Background: Physician burnout is increasing in prevalence across all medical and surgical
specialties and is associated with significant decline in the physical and mental health of providers
as well as early retirement from the practice of medicine. There are factors unique to women’s health
that put its providers at significantly increased risk for burnout including the preponderance of female
providers and the practice settings, compensation, and call responsibilities inherent in our specialty.
As an example, obstetrics is a rapidly changing and medically complex world where providers do
not have control over every outcome. Providers work long hours in an unpredictable and at-times
chaotic environment where complex and difficult decisions need to be made under significant time
pressure at all hours. The lack of priority of women’s health within our health systems combined
with a constant threat of litigation leads to distress and detachment in providers.
Objectives: This article explores the components of burnout, risk factors and workplace issues contributing
to its increase.

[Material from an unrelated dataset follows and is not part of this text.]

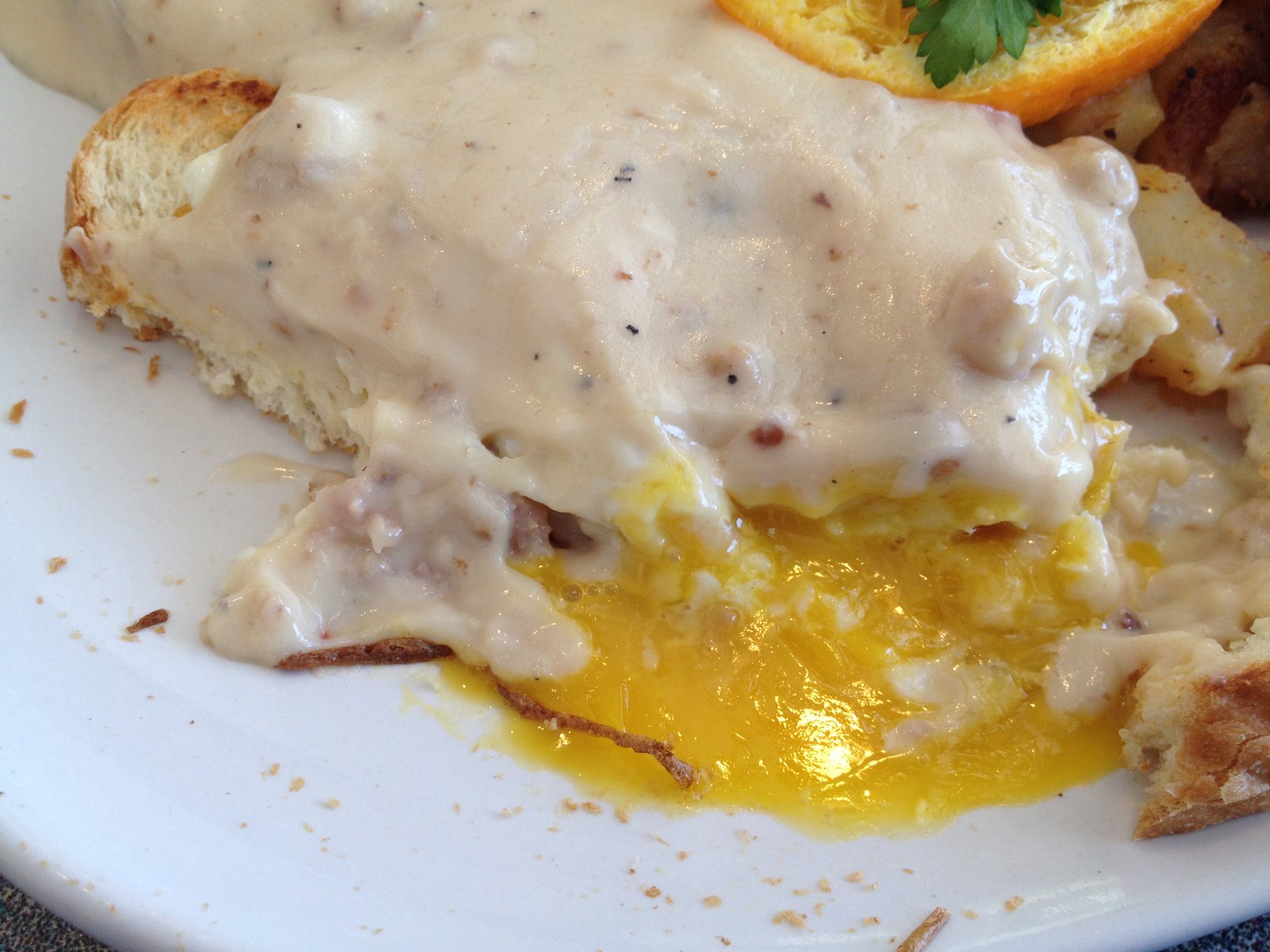 This is the 'Bye Bye Birdie' ($7.99). Holes cut into two thick pieces of white toast, an egg dropped into the hole and cooked to my request (easy); all of it topped with a really great sausage gravy. Served with Country Potatoes, and either bacon or sausage, this was another winner. A great meal. So glad I took the wrong turn and discovered this gem.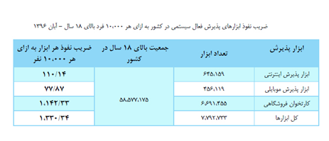 ضریب نفوذ مجموع ابزارهای پذیرش فعال سیستمی در آبان ماه ۱۳۳۰.۳۴ ابزار به ازای هر ۱۰ هزار نفرفرد بالای ۱۸ سال در کشور بوده است. بیشترین میزان نفوذ این ابزارها متعلق به کارتخوان فروشگاهی با تعداد ۱۱۴۲.۳۳ عدد به ازای هر ۱۰ هزار فرد بالای ۱۸ سال در کشور است و کمترین آن به ابزار پذیرش موبایلی اختصاص دارد که به ازای هر ۱۰ هزار نفر تنها ۷۸ ابزار پذیرش موبایلی در کشور وجود دارد.

The variation in stressors between different disciplines such as maternal fetal
medicine, gynecologic oncology, and abortion providers is also discussed including the toll resulting
from responsibility for both medical and surgical care of the patient, death and political biases.
Conclusion: Individual strategies including interventions such as commitment to self-care, contemplative
practices, management of office flow and establishing peer support are discussed. Burnout is
a systemic problem and strategies for its prevention burnout at the individual, departmental and
institutional level are explored.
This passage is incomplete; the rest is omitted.